Nota del editor: Esta es la tercera de nuestra serie que presenta a los 6 concejales latinos de la ciudad de Providence. Eche un vistazo a las entrevistas anteriores de Michelle con Miguel Sánchez y Ana Vargas.
Shelley Peterson no se considera una política todavía; se considera una funcionaria electa y enfatiza esa distinción. Solo ha ocupado el cargo de concejal durante un año y medio y se considera una novata que está aprendiendo cómo funcionan las cosas y cómo usar las políticas de manera práctica que se traduzcan en mejores oportunidades para la comunidad. Peterson, administradora escolar, es profundamente consciente de las diferentes oportunidades educativas disponibles para los estudiantes de Providence, así como de las oportunidades de vivienda muy variadas en la ciudad.
La familia de Peterson abandonó Lima, Perú, para buscar oportunidades laborales en los Estados Unidos cuando ella era niña, dejando atrás a una abuela enferma y a la mayor parte de la familia. Empezaron su vida en Pawtucket, Rhode Island, y luego se mudaron a East Providence, donde Peterson creció en una vivienda subsidiada.

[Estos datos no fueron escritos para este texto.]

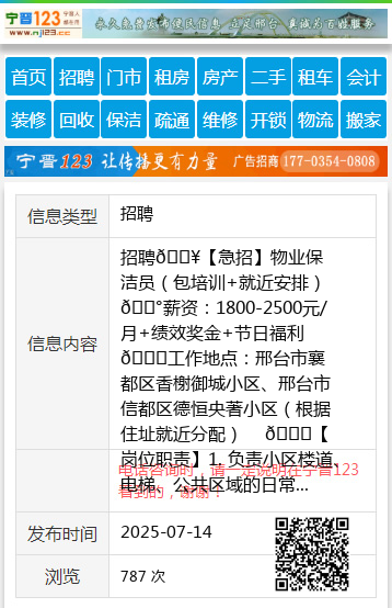 招聘🔥【急招】物业保洁员(包培训+就近安排)💰薪资:1800-2500元/月+绩效奖金+节日福利📍工作地点:邢台市襄都区香榭御城小区、邢台市信都区德恒央著小区(根据住址就近分配) 🌟【岗位职责】1. 负责小区楼道、电梯、公共区域的日常清洁与消毒;2. 维护垃圾投放点卫生,做好垃圾分类监督;3. 定期清理绿化带杂物,保持环境整洁;4. 配合物业完成临时清洁任务。 ✨【任职要求】✔️ 年龄18-65岁,身体健康,能吃苦耐劳;✔️ 无需经验!免费提供岗前培训;✔️ 有物业/酒店保洁经验者优先;✔️ 工作细致,责任心强。 🎁【福利待遇】✅ 月休4天,排班灵活(可协商早晚班);✅ 提供工作服+清洁工具;✅ 夏季高温补贴+年终红包;✅ 表现优异者可转长期工。 📞 快速应聘方式电话联系:13333196767微信咨询:扫码添加【微信号:13333196767】回复“保洁应聘” 聘 |

Si bien tenían muy pocos familiares aquí, el padre de Peterson tenía un hermano en el lado sur que era dueño de una agencia de viajes en Broad Street en la década de 1980. Cuando su madre comenzó a trabajar, Shelley actuó como cuidadora de sus hermanas “haciendo todas las cosas que hacen los niños de primera generación”, como traducir para sus padres y trabajar junto a ellos mientras intentaban ganarse la vida mejor.
En ese momento, no se dio cuenta de cuánta responsabilidad tenía sobre sus hombros para asegurarse de que sus hermanas menores tuvieran éxito. Peterson fue la primera de su familia en hacer muchas cosas: la primera en graduarse de la escuela secundaria, la primera en ir a la universidad y la primera en establecer una carrera. Peterson obtuvo su licenciatura y maestría en la Universidad de Suffolk en Boston.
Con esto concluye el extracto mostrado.